TASK INPUT –
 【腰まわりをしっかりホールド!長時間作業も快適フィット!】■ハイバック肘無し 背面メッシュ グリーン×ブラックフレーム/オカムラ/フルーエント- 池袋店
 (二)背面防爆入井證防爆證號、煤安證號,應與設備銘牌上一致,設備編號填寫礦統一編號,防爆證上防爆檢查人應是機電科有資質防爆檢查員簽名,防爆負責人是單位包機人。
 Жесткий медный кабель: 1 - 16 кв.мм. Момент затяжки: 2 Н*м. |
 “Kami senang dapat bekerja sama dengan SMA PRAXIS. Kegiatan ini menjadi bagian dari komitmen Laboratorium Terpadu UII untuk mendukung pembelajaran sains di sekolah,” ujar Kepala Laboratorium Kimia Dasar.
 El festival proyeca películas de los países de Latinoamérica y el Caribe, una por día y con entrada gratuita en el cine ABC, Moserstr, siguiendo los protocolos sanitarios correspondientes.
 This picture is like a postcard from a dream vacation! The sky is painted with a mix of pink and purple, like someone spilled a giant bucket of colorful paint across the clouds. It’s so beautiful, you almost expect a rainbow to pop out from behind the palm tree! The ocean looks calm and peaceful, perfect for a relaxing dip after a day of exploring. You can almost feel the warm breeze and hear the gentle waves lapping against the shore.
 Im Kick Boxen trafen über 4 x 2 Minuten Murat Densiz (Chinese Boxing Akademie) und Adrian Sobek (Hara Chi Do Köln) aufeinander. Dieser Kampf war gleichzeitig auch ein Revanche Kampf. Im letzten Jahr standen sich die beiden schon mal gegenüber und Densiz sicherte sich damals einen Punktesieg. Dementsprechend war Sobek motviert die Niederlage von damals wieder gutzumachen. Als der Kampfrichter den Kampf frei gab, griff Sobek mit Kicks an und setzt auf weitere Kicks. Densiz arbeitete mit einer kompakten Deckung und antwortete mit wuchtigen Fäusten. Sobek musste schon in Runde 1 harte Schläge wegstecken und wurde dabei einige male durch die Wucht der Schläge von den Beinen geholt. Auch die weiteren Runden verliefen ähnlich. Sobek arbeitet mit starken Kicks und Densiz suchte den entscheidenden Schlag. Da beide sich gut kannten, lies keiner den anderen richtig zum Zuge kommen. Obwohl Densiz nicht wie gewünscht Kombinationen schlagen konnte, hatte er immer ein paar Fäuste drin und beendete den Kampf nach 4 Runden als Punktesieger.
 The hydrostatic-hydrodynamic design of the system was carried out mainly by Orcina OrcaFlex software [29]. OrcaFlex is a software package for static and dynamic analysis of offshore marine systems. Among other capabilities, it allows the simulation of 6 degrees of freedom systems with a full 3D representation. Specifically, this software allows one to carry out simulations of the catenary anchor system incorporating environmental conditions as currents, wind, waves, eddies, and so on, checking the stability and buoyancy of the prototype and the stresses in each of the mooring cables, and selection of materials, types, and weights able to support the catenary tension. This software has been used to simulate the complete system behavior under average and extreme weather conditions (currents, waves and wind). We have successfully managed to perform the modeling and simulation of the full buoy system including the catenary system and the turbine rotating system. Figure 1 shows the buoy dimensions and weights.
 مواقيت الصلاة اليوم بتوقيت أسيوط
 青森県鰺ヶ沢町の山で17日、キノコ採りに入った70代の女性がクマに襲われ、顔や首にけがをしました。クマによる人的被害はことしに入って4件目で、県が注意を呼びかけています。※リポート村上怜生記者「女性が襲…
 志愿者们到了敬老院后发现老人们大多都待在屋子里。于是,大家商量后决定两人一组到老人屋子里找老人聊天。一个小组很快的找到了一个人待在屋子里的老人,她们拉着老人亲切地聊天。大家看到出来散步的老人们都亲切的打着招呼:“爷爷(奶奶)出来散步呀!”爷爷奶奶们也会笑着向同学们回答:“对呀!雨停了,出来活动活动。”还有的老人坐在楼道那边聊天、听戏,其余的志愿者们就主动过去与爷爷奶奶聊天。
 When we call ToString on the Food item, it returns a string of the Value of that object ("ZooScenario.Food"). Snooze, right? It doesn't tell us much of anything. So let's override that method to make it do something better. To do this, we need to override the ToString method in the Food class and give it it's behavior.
==
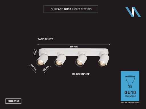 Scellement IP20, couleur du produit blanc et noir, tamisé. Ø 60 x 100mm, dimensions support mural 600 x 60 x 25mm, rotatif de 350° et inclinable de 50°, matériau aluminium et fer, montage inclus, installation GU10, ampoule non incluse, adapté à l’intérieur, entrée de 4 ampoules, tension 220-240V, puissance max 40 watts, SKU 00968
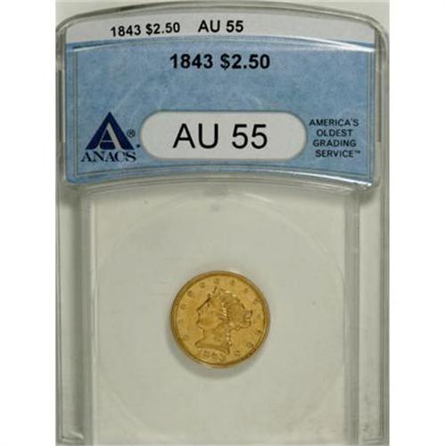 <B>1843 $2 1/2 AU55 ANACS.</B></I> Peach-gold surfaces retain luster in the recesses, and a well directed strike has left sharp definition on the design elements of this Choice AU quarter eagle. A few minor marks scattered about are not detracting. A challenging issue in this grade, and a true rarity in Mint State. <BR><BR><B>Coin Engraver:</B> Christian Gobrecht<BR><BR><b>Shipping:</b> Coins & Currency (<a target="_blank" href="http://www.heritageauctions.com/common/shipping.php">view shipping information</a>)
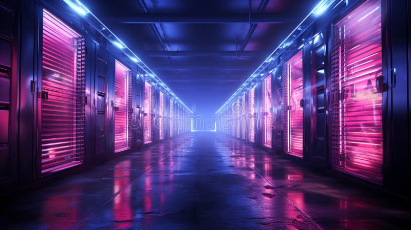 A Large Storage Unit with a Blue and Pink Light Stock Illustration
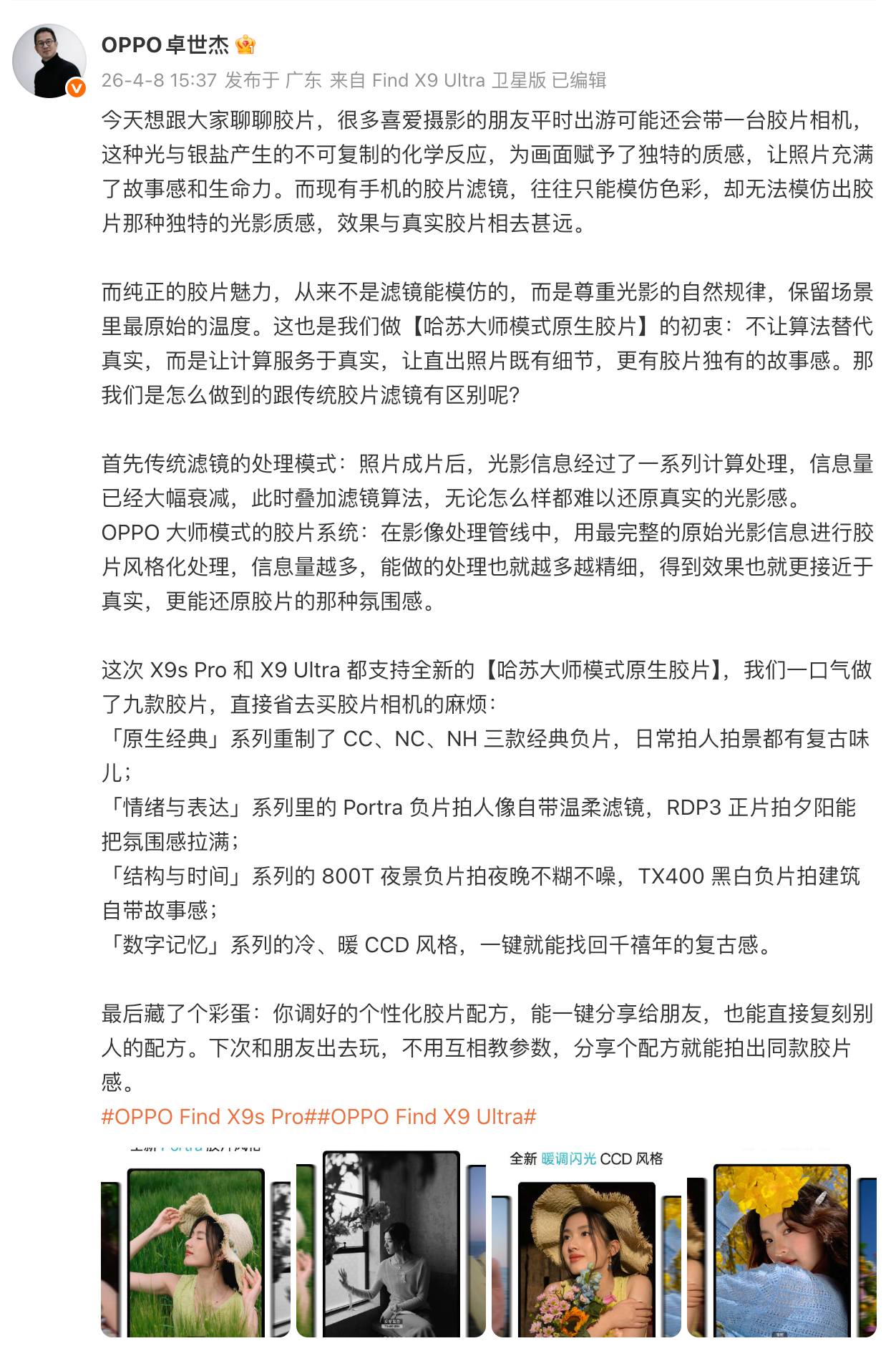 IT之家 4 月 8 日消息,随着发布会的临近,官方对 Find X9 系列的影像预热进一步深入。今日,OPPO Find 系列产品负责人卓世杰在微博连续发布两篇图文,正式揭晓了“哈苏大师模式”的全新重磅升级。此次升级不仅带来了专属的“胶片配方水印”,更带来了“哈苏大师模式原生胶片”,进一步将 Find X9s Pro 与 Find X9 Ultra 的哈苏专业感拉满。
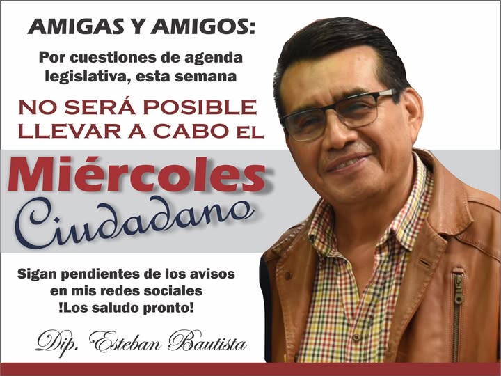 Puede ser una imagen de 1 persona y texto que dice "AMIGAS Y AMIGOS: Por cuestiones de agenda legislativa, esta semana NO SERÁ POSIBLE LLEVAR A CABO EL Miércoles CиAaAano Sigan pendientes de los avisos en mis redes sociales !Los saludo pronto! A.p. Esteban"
--
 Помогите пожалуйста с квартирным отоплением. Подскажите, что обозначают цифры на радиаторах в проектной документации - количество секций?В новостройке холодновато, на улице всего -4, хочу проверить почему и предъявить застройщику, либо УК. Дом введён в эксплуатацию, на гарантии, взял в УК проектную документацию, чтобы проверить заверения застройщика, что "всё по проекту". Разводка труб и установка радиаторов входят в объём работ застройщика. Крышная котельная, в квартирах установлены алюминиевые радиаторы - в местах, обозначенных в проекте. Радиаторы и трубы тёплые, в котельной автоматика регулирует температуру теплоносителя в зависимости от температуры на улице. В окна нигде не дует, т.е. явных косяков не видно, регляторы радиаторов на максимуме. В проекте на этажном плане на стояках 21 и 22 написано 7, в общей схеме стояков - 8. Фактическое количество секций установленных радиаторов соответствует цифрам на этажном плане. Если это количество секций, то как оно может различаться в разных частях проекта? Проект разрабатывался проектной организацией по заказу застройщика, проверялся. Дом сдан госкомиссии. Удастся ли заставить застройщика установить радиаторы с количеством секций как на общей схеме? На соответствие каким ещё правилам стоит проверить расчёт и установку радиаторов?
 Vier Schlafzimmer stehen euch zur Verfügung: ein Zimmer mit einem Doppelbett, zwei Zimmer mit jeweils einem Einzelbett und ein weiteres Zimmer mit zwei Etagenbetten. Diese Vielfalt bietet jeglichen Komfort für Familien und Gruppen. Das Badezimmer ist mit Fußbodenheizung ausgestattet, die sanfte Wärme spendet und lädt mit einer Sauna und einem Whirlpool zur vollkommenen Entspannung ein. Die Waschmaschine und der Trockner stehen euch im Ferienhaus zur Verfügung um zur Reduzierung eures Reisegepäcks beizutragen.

TASK TO CARRY OUT – Go to the line with "背面メッシュ グリーン×ブラックフレーム/オカムラ/フルーエント- 池袋店" in the entries above and repeat every line from there through the line with "Жесткий медный кабель: 1", exactly and with no other text.

ANSWER TO THIS TASK –
 【腰まわりをしっかりホールド!長時間作業も快適フィット!】■ハイバック肘無し 背面メッシュ グリーン×ブラックフレーム/オカムラ/フルーエント- 池袋店
 (二)背面防爆入井證防爆證號、煤安證號,應與設備銘牌上一致,設備編號填寫礦統一編號,防爆證上防爆檢查人應是機電科有資質防爆檢查員簽名,防爆負責人是單位包機人。
 Жесткий медный кабель: 1 - 16 кв.мм. Момент затяжки: 2 Н*м. |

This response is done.